Gardening & writing in the prairie echo

Just Say No to No Mow May

4/9/2023

 
Oh we've stepped in it now. I know. It's ok. Let's dive in and think critically with nuance -- because what no mow may has to teach us is more empowering and liberating than we could have imagined, if we move forward with intention.

The "No Mow May" movement continues to frustrate. Just letting your lawn go will not result in a lovely meadow that neighbors or wildlife will admire. If you're on an urban lot, chances are you won't be getting aster and indigo and prairie clover and coneflowers -- they aren't in the seed bank because your house was not recently built on top of a remnant prairie.

What you WILL get are a host of plants with marginal to little benefit to wildlife, and several that will be terribly aggressive: crabgrass, creeping charlie, barnyard grass. And of course invasive species placed on most city's noxious weed list, like musk thistle or garlic mustard.

There's little chance a neighbor will look at your "let go" lawn and think wow, that's cool, I want that, I understand it. There's every chance they will rightfully report you to weed control -- especially if you're not actively managing the space or designing it in some way, particularly with cues to care or making some sort of significant plant additions. It's better to design the space, to choose the plant communities that will work together AND support wildlife.  Well, read some perspectives by pollinator specialists.
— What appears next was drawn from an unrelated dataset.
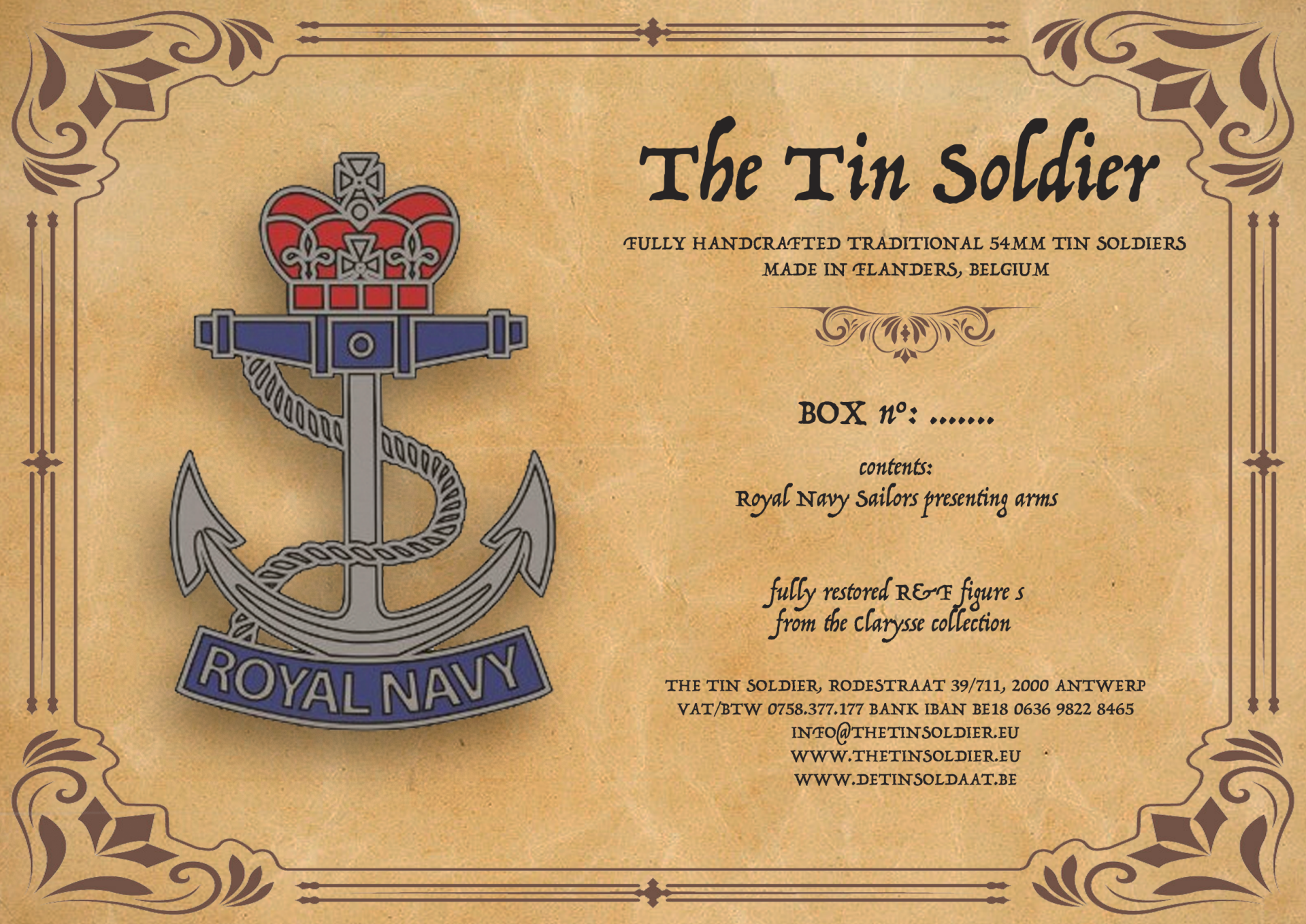 54mm Royal Navy sailors at attention for parade, repainted & restored R&F figures, comes in a sturdy classic box, 3 pieces. From the Clarysse collection. Comes in a traditional sturdy box with box label artwork.

You want to help the environment, pollute less, use less resources, and create resilient habitat that's pleasing to both wildlife and people -- and often that means rethinking lawn and lawn-type spaces entirely. But what happens when you let your lawn go or stop mowing?

  1. It's going to look weedy fast. Without design intention your neighbors will be less apt to get on board.
  2. Invasive species may establish. What's in the weed seed bank? You don't know. Could be some native plants -- likely aggressive seeders -- definitely going to be aggressive exotics.
  3. Woody plants will move in. Without constant management tree seedlings will start to grow. This could be an issue if you live on a small lot or in an area where forests aren't a habitat type. One female red cedar tree put out 1 million seeds.

The point of this post is not to push you to some hyperbole, like "well then what should we do, slather the lawn in chemicals?" It's to get you to think intentionally about your space -- from design to succession, to what you ideally want to happen and to the big leaps your neighbors will have to make when you break from the status quo.

Do you need lawn? Do you need a lawn-type space? Why? How do you use your landscape? How do you want to use it differently? What's the purpose of 4-8" tall plantings -- because at that height there are far, far fewer ecosystem services than with plants 12-30" tall (the height at which we design front yard lawn-to-meadow conversions).

Over the years much has been shared on this website about designing a landscape -- from plant selection (sociability and size) to plant succession over time. When you let your lawn go or stop mowing, there's seldom a plan that takes into consideration management or neighbors, let alone why you need clipped plants in the first place. So if you let your lawn go, think hard about a management plan that takes into consideration your ecoregion and lot size, as well as your environmental and community goals.

If we're not working smartly with a plan and a management / design goal, then we're just being lazy and ideologically polarizing for no reason. That's not helpful or neighborly. Now, I'm all for reducing mowing. And certainly for doing so in larger expanses, like business parks and city parks and golf course edges, because we have a lawn pandemic going on right now.

As for anyone who argues "baby steps," well adults should be taking adult steps -- similarly full of big dreams, big hopes, big risks, and big faith. Prairie up. Rethink pretty.

Picture
Nancy Cadet
4/10/2023 12:32:39 pm

This is great. My sentiments exactly! Our environmental group on Long Island NY is exploring /debating this topic on our blog;can we quote you or link to this?

Benjamin
4/10/2023 01:22:47 pm

Of course. As always.

Michelle L Komorowski
5/20/2024 12:01:10 am

You guys SUCK!!! I HAVE SEEN MORE BUTTERFLIES AND BUMBLE BEES THIS MONTH SINCE NOT MOWING!! THIS WORKS AND ALL SHOULD CONSIDER OUR FUTURE OF THEIS PLANET!!!

Christine Reid link
4/14/2023 06:12:12 am

THANK YOU. Hot fads and barely thought out actions probably helped to put us where we are now, and as they say, "Craziness is doing the same thing over and over again and expecting a different result." We cannot instagram our way through a biiodiversity emergency.

My favorite comment is that baby steps are for babies; adults should take adult steps. My my, news flash!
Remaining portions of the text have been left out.